Improper input validation in Linux kernel - CVE-2026-43092
Published: May 7, 2026
Vulnerability identifier: #VU130669
CSH Severity: Low
CVSS v4.0: CVSS:4.0/AV:L/AC:L/AT:N/PR:L/UI:N/VC:N/VI:N/VA:H/SC:N/SI:N/SA:N/E:U/U:Clear
CVE-ID: CVE-2026-43092
CWE-ID: CWE-20
Exploitation vector: Local access
Exploit availability:
No public exploit available
Vendor: Linux Foundation
Affected software:
Linux kernel
Linux kernel
Detailed vulnerability description
The vulnerability allows a local user to cause a denial of service.
The vulnerability exists due to improper input validation in AF_XDP bind handling when binding a zero-copy pool configuration.

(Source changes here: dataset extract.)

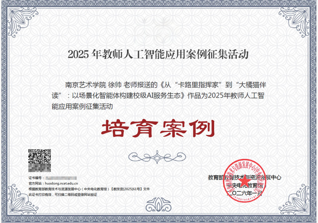 近日,由我校信息化建设管理中心教师徐帅开发并训练的“助育、助学AI智能体”系列应用,成功入选教育部教育技术与资源发展中心(中央电化教育馆)“2025年教师人工智能应用案例(培育案例)”。
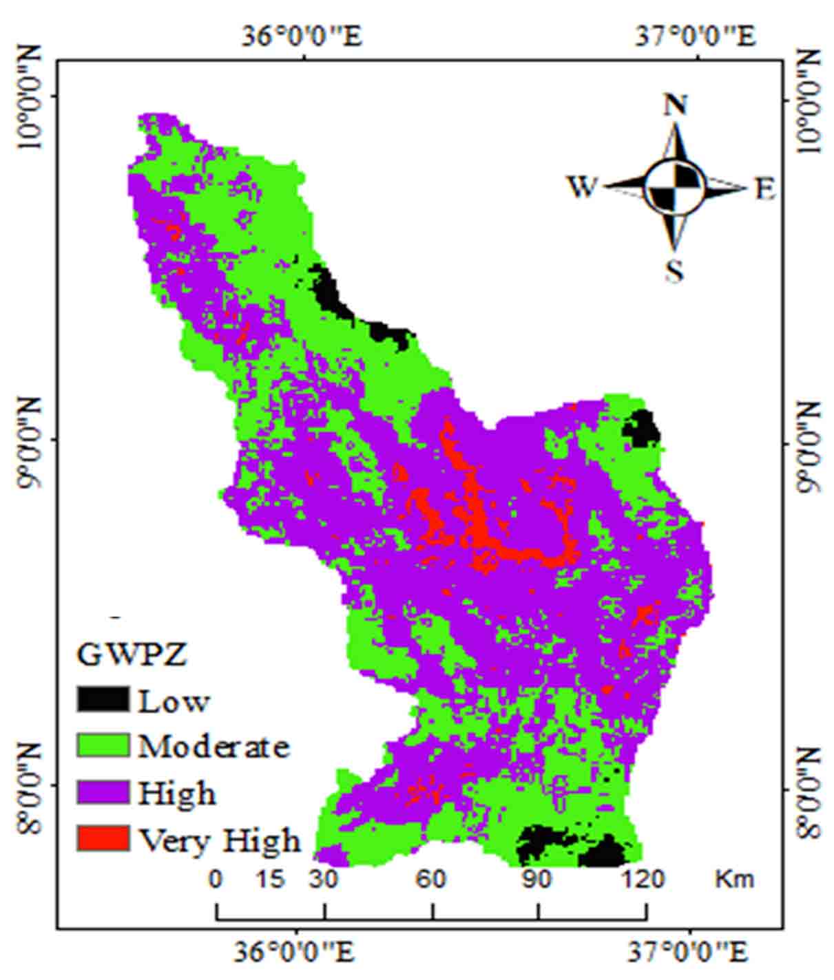 Rainfall, slope, lineament density, and geomorphology hold the highest value relative to the other parameters. The weight assigned for rainfall was greater than the weight of others, which influence the occurrence of groundwater potential and recharge zone than other parameters. The result indicated that about 2.1% of the study area classified (Figure 11) as low 27.35% classified as moderate, 66% as high potential, and 4.6% were classified as very high groundwater potential.

A local user can supply a configuration where the device MTU exceeds the usable UMEM frame space to cause a denial of service.
The issue arises when tailroom and headroom reduce the usable chunk space, and hardware receive buffer chain length constraints can further prevent the configured MTU from being supported.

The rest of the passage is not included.